Молча, не ответив на подковырку, она резко и размашисто протопала к амбару, забилась в дальний тёмный закром на остатки прошлогоднего посевного зерна, дала волю слезам и рёву. А рыдать, кручиниться Фенечке было из-за чего. Под сердцем у неё таинственно зарождалась жизнь будущего ребёнка, которому она долго, а может, и никогда не признается, где и кто же его отец. А ещё хуже то, что ей придётся отвечать, почему ребятня в мгновения детских сшибок называет его безотцовщиной или Ивана Кувалдина выгулькой. Она плакала, вкось и вкривь крестя своего соблазнителя, а ещё больше себя самоё – дуру нагольную,
легкомысленную, а также проклиная сладкую и страшную грозовую ночь, когда она поверила в искренность заверений любимого и безрассудно предалась силе нахлынувших чувств.

            Неизъяснимое брожение крови, дымок дурмана, заполнивший голову и сердце, незримую тягу к Ивану она почувствовала в голубом посевном апреле. Той весной Ивана, водителя единственного в колхозе грузовика, председатель послал вывозить из амбара посевную пшеницу в поле. Ещё осенью Иван демобилизовался из армии, имея военную профессию водителя бронемашины, и сразу стал в родном колхозе незаменимым специалистом.
 
            А в марте, как только припекло солнце и взревели яры, его командировали на Горьковский автозавод получать грузовичок. Весть об его отъезде облетела колхоз, и его возвращения люди ждали как события знаменательного. Такое ожидание объяснялось простой, понятной причиной. В годы недавней войны и теперешней разрухи весь тяжёлый крестьянский труд делался жилами людей и скота. Голодным и тощим бурёнкам, незаменимым кормилицам детей и стариков, было теперь вовсе не до материнских и мелочных забот. Вместо волов и коней их выводили в поле и заставляли пахать и бороновать землю. А на приусадебных огородах ту же работу тянули старики, женщины и подростки, впрягая себя в конские бороны. Ну, а посевное зерно в первый год после изгнания фрицев, за неимением своего, носили с железнодорожной станции на сгорбленных спинах за три десятка километров.
 
            Поэтому-то прибытие нового грузовика было личной радостью каждой семьи – оно избавляло людей от изнурительной, скотской участи. Водитель машины, как ни крути, даже вследствие этого становился первым парнягой в селе, к чему добавлялась его буйная молодость, армейская выправка и красота. Да ещё руки-кувалды, которыми и подкову не трудно разогнуть, и быка завалить.

            – Ура-а!

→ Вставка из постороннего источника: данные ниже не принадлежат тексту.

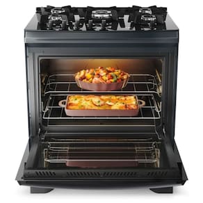 O forno limpa fácil e o isolamento térmico tornam a limpeza simples e o uso mais eficiente, assando os alimentos de forma uniforme. Com duas prateleiras deslizantes ajustáveis, você ganha flexibilidade para preparar desde pratos pequenos até grandes assados.
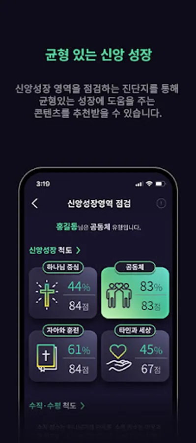 • Spiritual self-diagnosis test team: Spiritual self-diagnosis test function through the spiritual point check-up complex
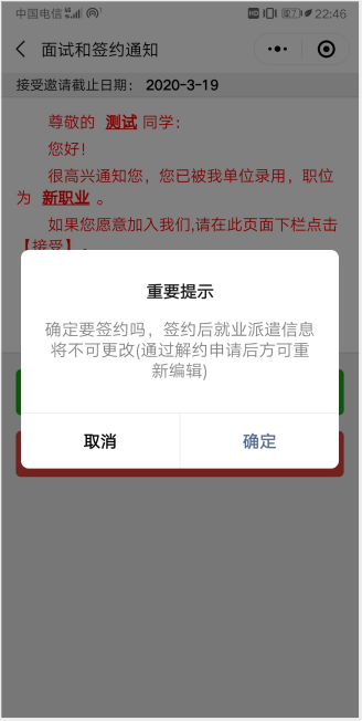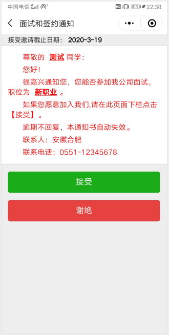 第五步、畢業(yè)生收到簽約通知,并選擇是否接受面試邀請。
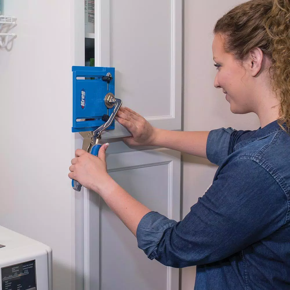 The Kreg Cabinet Hardware Jig takes the guesswork out of installing cabinet knobs and pulls. The moveable edge guide and measuring scales make it easy to position knobs precisely, while adjustable drill guides ensure straight holes for perfect knob and pull positioning every time. Perfect for new construction and for refreshing entire rooms. Whether you are updating your cabinets or building a project from scratch, adding hardware like knobs and pulls is often 1 of the final steps and 1 of the most intimidating. The Cabinet Hardware Jig features moveable, hardened-steel drill guides that lock in place to align with common hole-spacing measurements for cabinet knobs and pulls. This allows you to confidently drill straight, accurately positioned holes. A moveable edge guide and built-in measuring scales (in imperial and metric) ensure that those holes will be positioned where you want it every time, which means you can drill as many holes as you need without the uncertainty and potential mistakes that can come with measuring and marking everyone. The Cabinet Hardware Jig is designed to be intuitive for beginners to use, but robust enough for professionals. All you need is a drill and a 3/16 in. bit and the ability to set the jig to match your hardware and the position where you want it to go. NOTE: 3/16 in. (5 mm) drill bit required – does not come included.
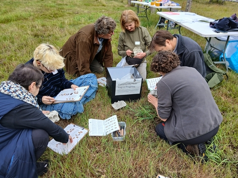 During this session, participants received training on how to set up and operate a moth trap together with the fundamental principles of moth identification. Subsequently, attendees examined specimens trapped collected from the Swan Barn Orchard trap, using various identification guides and benefiting from the expertise of Kate Bannister (Surrey Hills Society) and Christa Emmett (SWT).
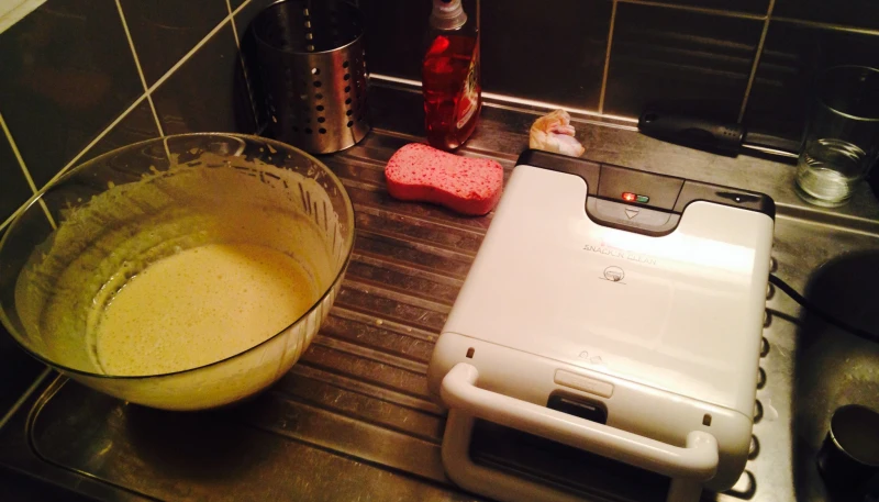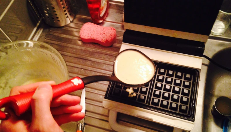 1) verser la pate dans votre gaufrier en laissant cuire 15 sec
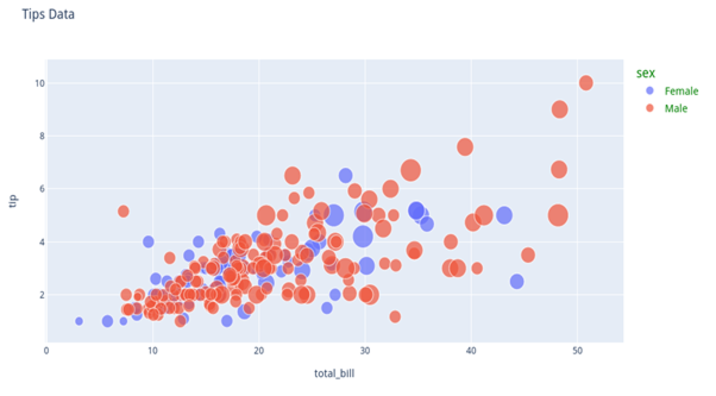 import plotly.express as px # load tips dataset df = px.data.tips() # create a scatter plot with size-scaled markers fig = px.scatter(df, x='total_bill', y='tip', size='size', color='sex', title='Tips Data') # customize plot layout fig.update_layout(legend_font_color='green', legend_font_size=14) # display the plot fig.show()
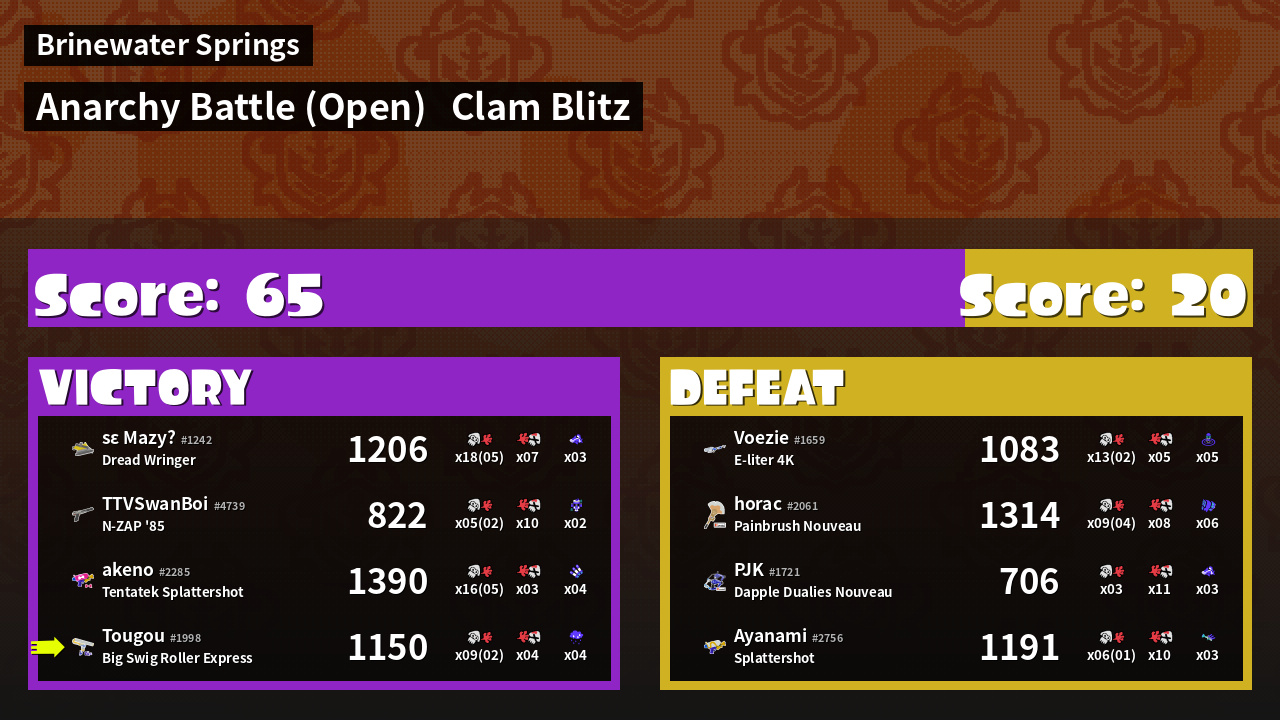 | Mode | Clam Blitz - Anarchy Battle (Open) | ||

Новая машина… Ванька Кувалдин приехал! – закричали мальчишки, когда тот подкатил к конторе. Фенечка, стоявшая на крыльце, отметила: он нисколько не обиделся на пацанов за свою кличку, потому что она ему льстила. Более того, он никому из них не запретил посидеть в кабине, вволю покрутить баранку и попипикать.

            Два дня Иван отлаживал полуторку после пробега, потом смотался в райцентр, прицепил на буфер и под фару стоп-сигнала жестяные таблички с номерами, написал их под трафарет на бортах кузова и, как новая копейка, зарулил на колхозный ток к Фенечкиному амбару. Лицо его сияло довольством и весельем, потому что он был в той поре, когда весенним ливнем нахлынули на него все доступные радости мирной жизни: возвращение с огненных полей войны в родительский дом и увлекательная работа, почёт среди земляков и тихие вздохи вдов и молодок…

            Пламенным взором одаривала Ивана и Фенечка. Её сердечко при встрече с ним то судорожно трепыхалось, то настороженно замирало, то обливалось клокочущей ревностью, если он заглядывался на её возможных соперниц. Днём Кувалдин обычно приезжал на ток к амбару, и пока грузили машину, подтрунивал над молодыми и пожилыми работницами, без устали веселя их, а по вечерам приходил в клуб или на выгон и по очереди провожал девчонок с гулянья, ни с одной из них подолгу не задерживаясь. Но всякий раз, когда он уходил не с Фенечкой, у неё больно щемило сердце, а бессонная ночь наползала мучительными терзаниями и грёзами.

            И вот неожиданно жизнь Фенечкина дала крутой разворот, странный
и, вроде бы, нелогичный. Однажды, переступая порог на выходе из амбара, она увидела широко раскрытые, бешеные глаза Ивана, который тут же врезался в неё, больно пришмякнув к косяку двери после сумасшедшего бега.

            – Вань, ты чё?... – только и спросила она.

            А Иван, слегка застонав и взявшись рукой за бок, присел на порог. Холодный пот покрыл его лоб, с лица и рук исчез привычный румянец. Как бледно-зелёный побег, Иван сидел перед Фенечкой, и ему не хватало воздуха.

            – Ванечка, что с тобой, милый?... Подожди маненько, я счас...

            Она метнулась в амбар, зачерпнула из ведра кружку холодной воды,
а вернувшись, плеснула в ладонь и одним движением руки умыла Ивану лицо. Потом расстегнула ему на груди пуговицы и сделала несколько взмахов платком, обдувая его свежим воздухом.

            – Спасибо, Феня, мне уже лучше.

            Всё ещё держась за бок, он встал и задрал низ рубашки. Бок у него был красный, с небольшой ссадиной, а там, где проступали рёбра, – с синевато-фиолетовыми кровоподтёками.

            – Ну и шарахнул, сатана! Аж черти в глазах закувыркнулись.

            Феня вопросительно смотрела на него, ожидая каких-то пояснений.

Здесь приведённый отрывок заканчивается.